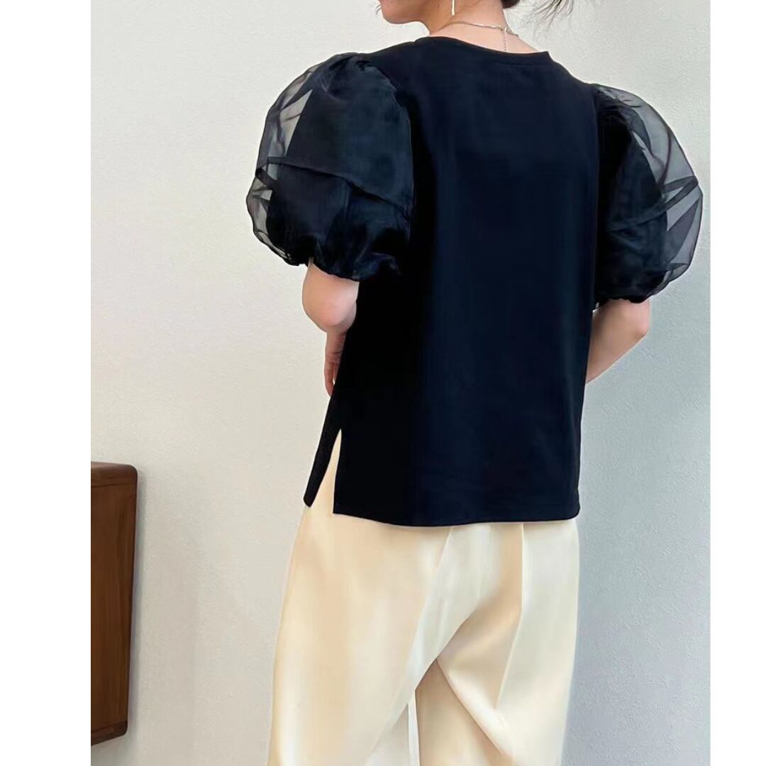 袖のフワッとしたシルエットが、上半身にボリューム感を与え、
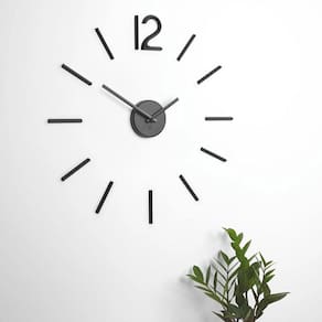 Os indicadores de tempo de metal do Blink e o número 12 são montados individualmente na parede com adesivo fácil de colar e o mecanismo do relógio é montado com um parafuso ou prego.
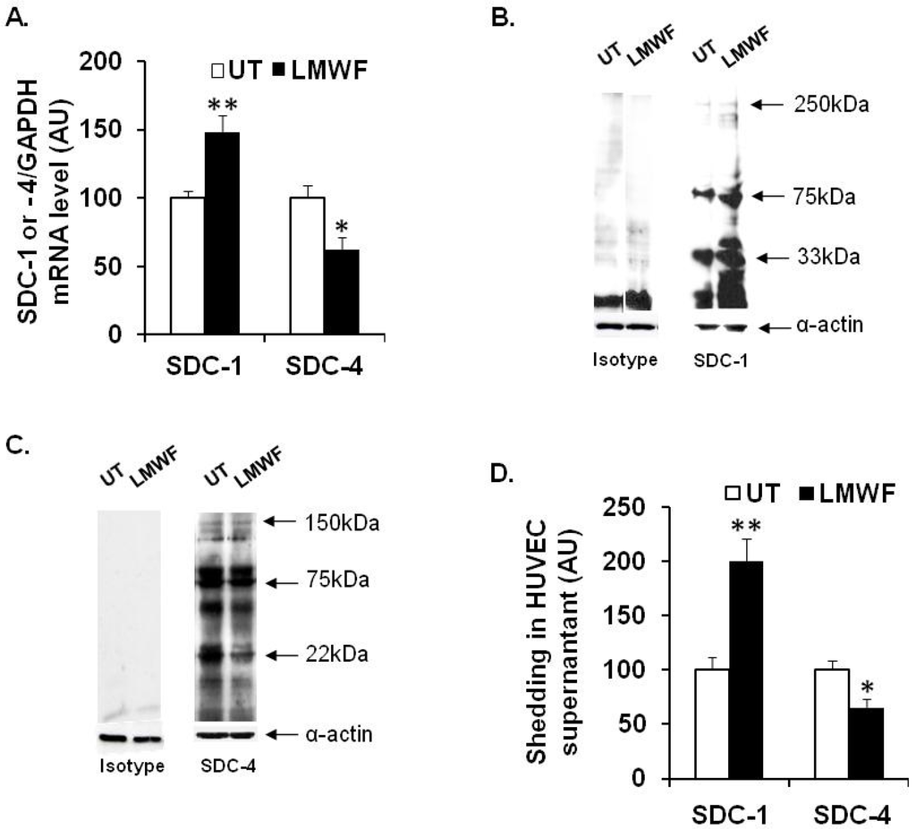 Taken together, LMWF modulate SDC-1 and SDC-4 gene expression and ectodomain shedding in HUVEC in vitro culture.
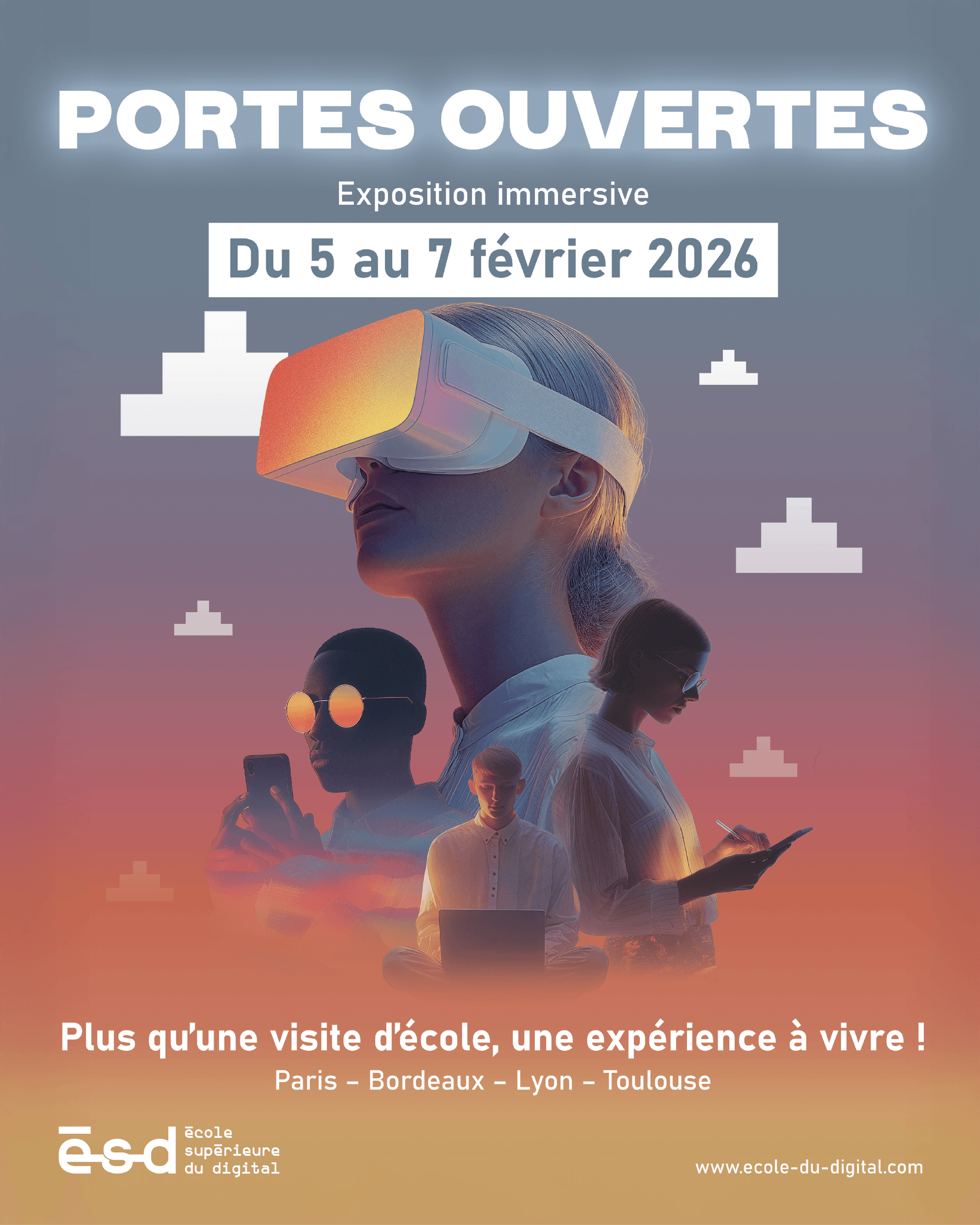 Du 5 au 7 février 2026, l’École Supérieure du Digital (ESD) propose des portes ouvertes immersives autour du cinéma, à travers une exposition présentant les créations imaginées et réalisées par ses étudiants en deux semaines dans le cadre du Digital Event, l’événement phare de l’école. Pendant trois jours, les campus de Paris, Lyon, Bordeaux et Toulouse se transforment en exposition grandeur nature, avec des expériences interactives à découvrir et à tester sur place.
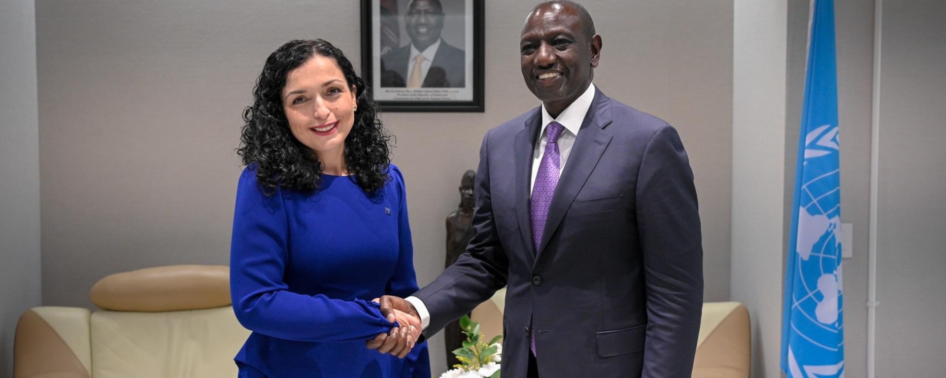 Presidentja e Kosovës, Vjosa Osmani, e cila po qëndron në New York ku po mbahet sesioni i 78-të i Asamblesë së Kombeve të Bashkuara, ka zhvilluar një takim me presidentin e Kenias, William Ruto.
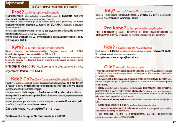 Publikovat svůj názor, článek může v časopise Muzikoterapie ten, kdo má zájem o rozvoj oboru muzikoterapie pozitivním směrem a je ve shodě s cíly časopisu Muzikoterapie.
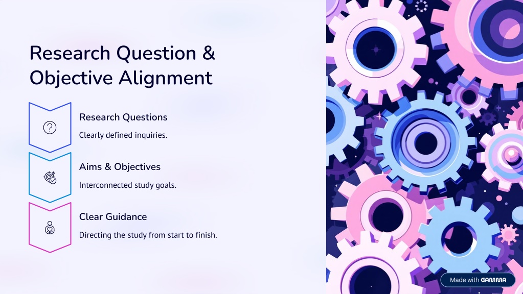 6. Research Question & Objective Alignment Research Questions Clearly defined inquiries. Aims & Objectives Interconnected study goals. Clear Guidance Directing the study from start to finish.
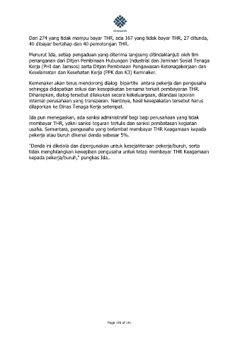 Dari 274 yang tidak mampu bayar THR, ada 167 yang tidak bayar THR, 27 ditunda,
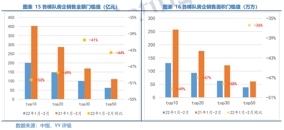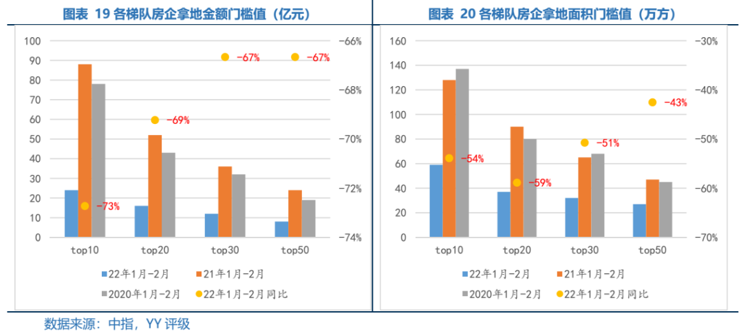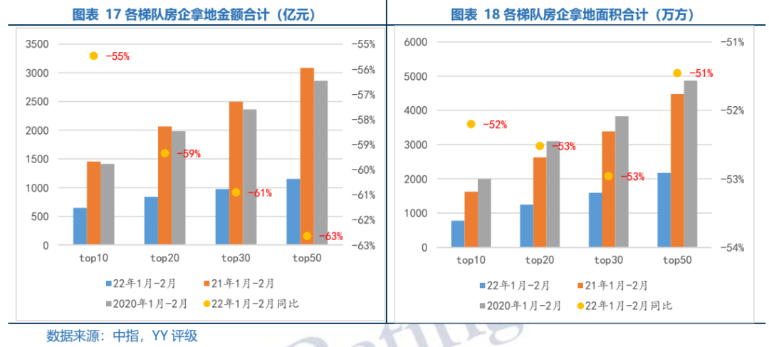2022年1-2月全國TOP50房企各梯隊(duì)拿地金額門檻同比下滑幅度均超43%,top10拿地面積僅59萬平方米,下滑了54%、top20拿地面積僅32萬平方米,下滑了59%、top30拿地面積僅27萬平方米,下滑了51%和top50拿地面積僅21萬平方米,下滑了43%。

_WHAT YOU HAVE TO DO:_ Give back the entire listing verbatim, without the pictures.

_TASK SOLUTION:_
 袖のフワッとしたシルエットが、上半身にボリューム感を与え、
 Os indicadores de tempo de metal do Blink e o número 12 são montados individualmente na parede com adesivo fácil de colar e o mecanismo do relógio é montado com um parafuso ou prego.
 Taken together, LMWF modulate SDC-1 and SDC-4 gene expression and ectodomain shedding in HUVEC in vitro culture.
 Du 5 au 7 février 2026, l’École Supérieure du Digital (ESD) propose des portes ouvertes immersives autour du cinéma, à travers une exposition présentant les créations imaginées et réalisées par ses étudiants en deux semaines dans le cadre du Digital Event, l’événement phare de l’école. Pendant trois jours, les campus de Paris, Lyon, Bordeaux et Toulouse se transforment en exposition grandeur nature, avec des expériences interactives à découvrir et à tester sur place.
 Presidentja e Kosovës, Vjosa Osmani, e cila po qëndron në New York ku po mbahet sesioni i 78-të i Asamblesë së Kombeve të Bashkuara, ka zhvilluar një takim me presidentin e Kenias, William Ruto.
 Publikovat svůj názor, článek může v časopise Muzikoterapie ten, kdo má zájem o rozvoj oboru muzikoterapie pozitivním směrem a je ve shodě s cíly časopisu Muzikoterapie.
 6. Research Question & Objective Alignment Research Questions Clearly defined inquiries. Aims & Objectives Interconnected study goals. Clear Guidance Directing the study from start to finish.
 Dari 274 yang tidak mampu bayar THR, ada 167 yang tidak bayar THR, 27 ditunda,
2022年1-2月全國TOP50房企各梯隊(duì)拿地金額門檻同比下滑幅度均超43%,top10拿地面積僅59萬平方米,下滑了54%、top20拿地面積僅32萬平方米,下滑了59%、top30拿地面積僅27萬平方米,下滑了51%和top50拿地面積僅21萬平方米,下滑了43%。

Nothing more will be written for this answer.